* _Exercise details_
All of the data should be reproduced word for word, though its pictures must be omitted.

* _Information provided_

◆ ◆ ◆ ◆

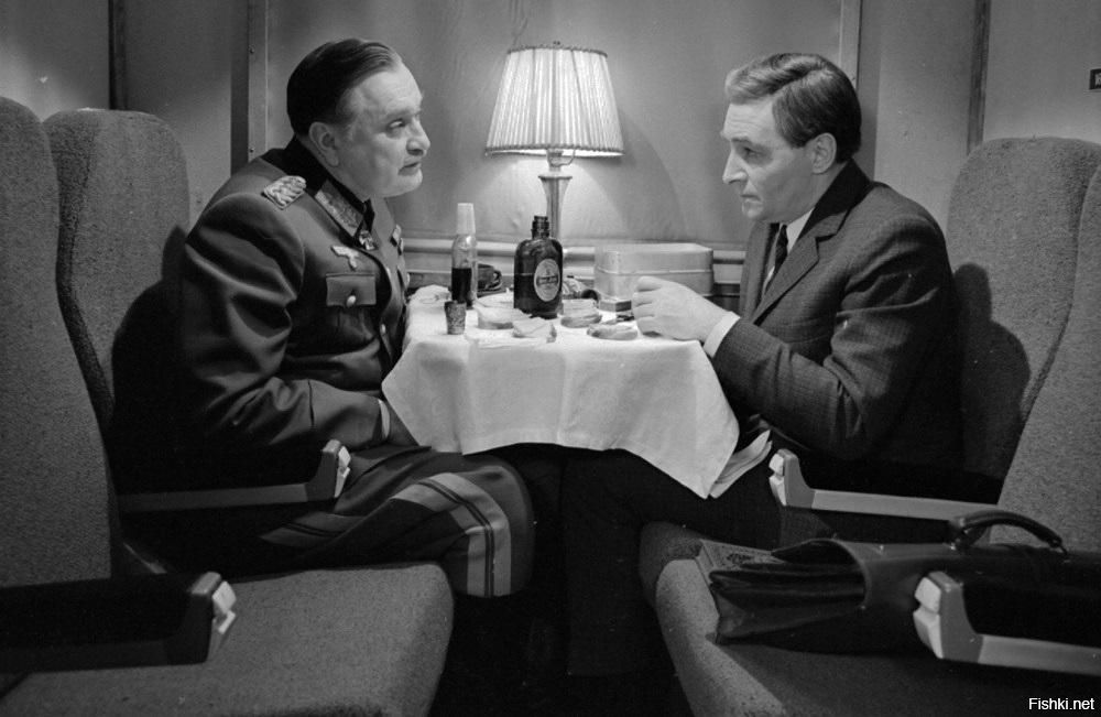 Сцена диалога Штирлица с генералом Вермахта в купе поезда. Кадр из фильма «Семнадцать мгновений весны», 1973 год.
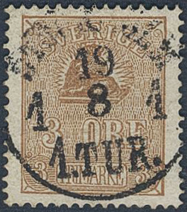 Sweden. Facit 14Bd used, 3 öre orange-brown, type II. EXCELLENT cancellation STOCKHOLM 19.8 1.TUR.
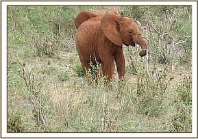 Shimba walked slowly to the Stockade waterhole to quench his thirst after the others had finished, nervous of being shoved around in his weakened condition. Tassia then led the Orphans to the top of Mazinga hill where all browsed silently. Tassia, Wasessa, Mzima and Lesanju then climbed even higher but Lempaute found a tasty tidbit behind a rock, and devoured it quickly before the others homed in! Back at the Stockades Shimba, Mbirikani and Mudanda enjoyed their noon milk feed, Mbirikani splashing water onto her injured foot and Mudanda paced up and down, anxious to return to the browsing area.

◆ ◆ ◆ ◆

* _Answer below_
 Сцена диалога Штирлица с генералом Вермахта в купе поезда. Кадр из фильма «Семнадцать мгновений весны», 1973 год.
 Sweden. Facit 14Bd used, 3 öre orange-brown, type II. EXCELLENT cancellation STOCKHOLM 19.8 1.TUR.
 Shimba walked slowly to the Stockade waterhole to quench his thirst after the others had finished, nervous of being shoved around in his weakened condition. Tassia then led the Orphans to the top of Mazinga hill where all browsed silently. Tassia, Wasessa, Mzima and Lesanju then climbed even higher but Lempaute found a tasty tidbit behind a rock, and devoured it quickly before the others homed in! Back at the Stockades Shimba, Mbirikani and Mudanda enjoyed their noon milk feed, Mbirikani splashing water onto her injured foot and Mudanda paced up and down, anxious to return to the browsing area.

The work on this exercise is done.